Она сделала шаг. Движение было нечеловеческим – плавным, скользящим, будто её ноги не касались пола. И с этим шагом могильный холод в комнате усилился стократ. Я почувствовала её ледяное дыхание на своей щеке, хотя она была ещё в нескольких шагах от меня. Запах тлена и сырой земли ударил в ноздри, вытесняя аромат моих духов и воска от свечей.
«Твоя поэзия – ложь! Твоя любовь – лишь игра!» – теперь она кричала, и этот крик был полон такой вселенской боли, что, казалось, стёкла в окнах вот-вот лопнут. Это был вопль души, низвергнутой в ад не за грехи, а за преданную любовь. И в этот миг я поняла: она не просто призрак. Она – сама боль, сама ревность, обретшая форму. И она пришла не говорить. Она пришла за мной.
Глава 3: Последняя поэма
Паралич, сковавший моё тело, внезапно отступил, но не принёс облегчения. На смену ему пришёл животный, первобытный ужас, заставивший меня отшатнуться. Я попятилась назад, спотыкаясь о ковёр, и рухнула на пол. Ноги отказались служить, превратившись в бесполезные, ватные придатки. Я могла лишь ползти, отталкиваясь локтями от холодных досок, прочь от надвигающегося кошмара.
А она приближалась. Призрак моей любви протянул ко мне руки. Те самые руки, что некогда нежно перебирали мои волосы, что писали мне страстные письма и дарили ласку, теперь превратились в костлявые клешни. Кожа на них была тонкой и прозрачной, как пергамент, обтягивая каждый сустав, каждую косточку. Длинные, почерневшие ногти хищно изгибались, готовые вонзиться в плоть.
Наконец, из моего горла вырвался крик. Нечленораздельный, полный отчаяния вопль, который, казалось, должен был разнести стены, но он лишь жалко затих в мертвенной тишине комнаты. Она была уже совсем близко. Я видела в её горящих глазах своё искажённое ужасом отражение. Она нависла надо мной, заслонив тусклый свет свечи, и комната погрузилась в почти полную тьму.
Её ледяные пальцы сомкнулись на моём горле. Хватка была нечеловечески сильной, стальной. Воздух мгновенно перекрыло. Я судорожно хватала ртом пустоту, царапала её руки, но мои ногти лишь бессильно скользили по мертвенно-холодной коже. Боль была не главной мукой. Страшнее всего был холод, проникавший от её прикосновения вглубь моего тела, замораживая кровь в жилах, останавливая само биение жизни.
«Ты умрёшь, Эльфрида», – прошипела она мне прямо в лицо, и её дыхание пахнуло могилой. В её голосе больше не было боли, лишь злобное, ледяное торжество. «И твоя смерть станет моей лучшей поэмой».

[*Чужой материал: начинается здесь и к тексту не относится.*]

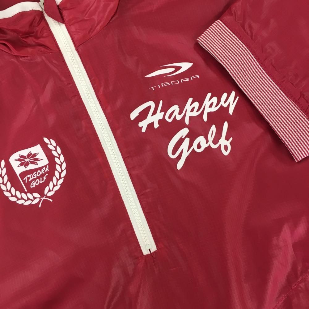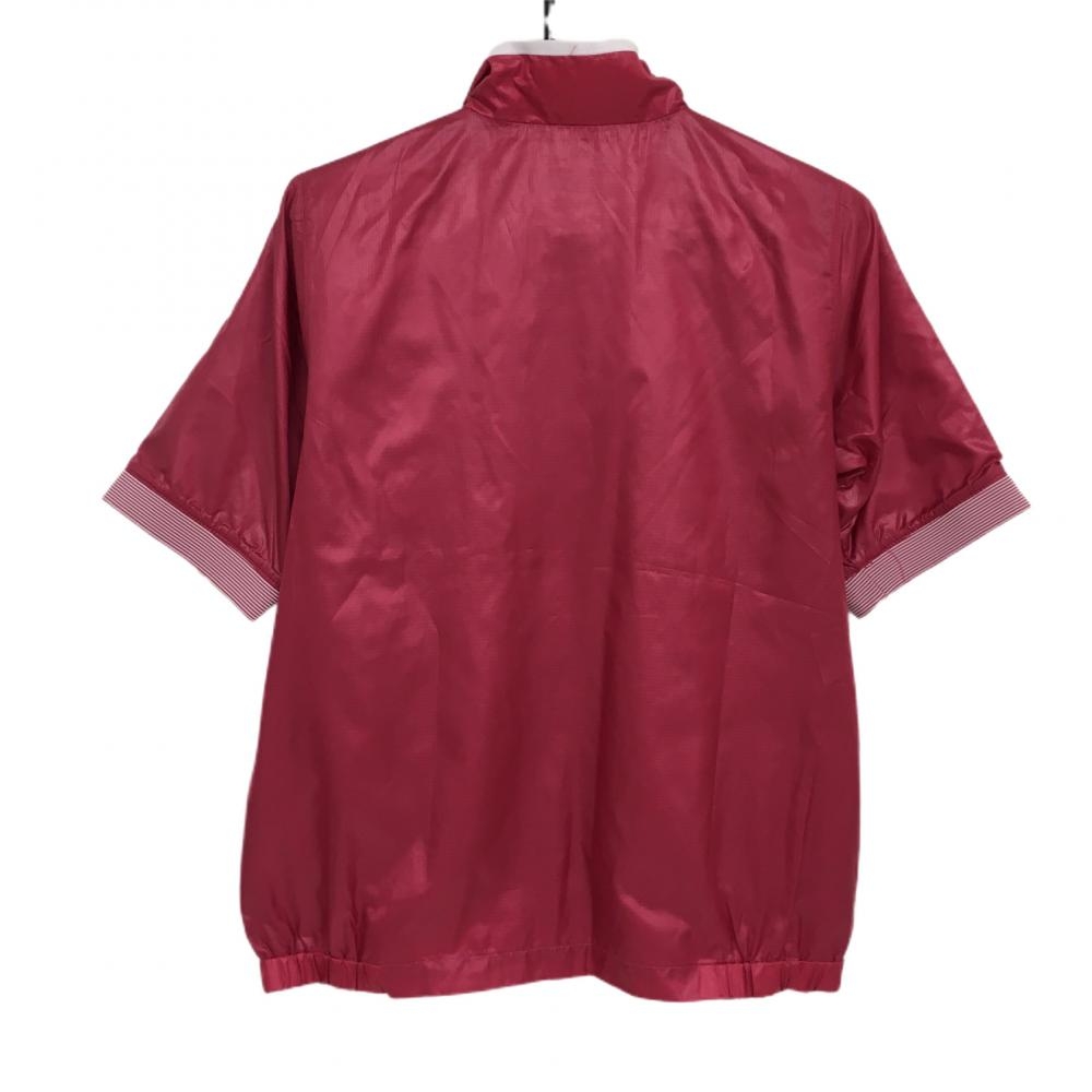 【超美品】ティゴラ 半袖ブルゾン レッド×白 ハーフジップ 袖口ボーダー レディース S ゴルフウェア TIGORA

Мир начал меркнуть. Свет свечи превратился в расплывчатое пятно, которое таяло, сжималось, угасало. Звуки пропали, сменившись оглушительным рёвом в ушах. Я задыхалась, моё тело билось в конвульсиях, но хватка на горле лишь усиливалась. Последнее, что я увидела перед тем, как тьма окончательно поглотила меня, была улыбка на искажённом лице Марии. Это была жуткая гримаса триумфа, оскал победившей ненависти, навсегда застывший на лике той, кого я любила больше жизни.
…Утром меня нашли. Дверь пришлось выламывать. Я лежала на полу посреди комнаты, с широко распахнутыми глазами, в которых навеки застыл невыразимый ужас. На шее темнели страшные следы от пальцев. Рядом, на своём столике, безмолвно стоял старый граммофон. Его игла замерла на дорожке виниловой пластинки, так и не доиграв свою адскую мелодию. С тех пор никто больше не слышал таинственный голос, но новые жильцы никогда не задерживались в моей квартире надолго. Все они жаловались на необъяснимый холод, который не могли прогнать ни огонь в камине, ни самые тёплые одеяла. А самые чуткие из них клялись, что иногда, в глухую полночь, из-за запертой двери пустой комнаты доносится тихий, душераздирающий шёпот, читающий стихи на языке мёртвых.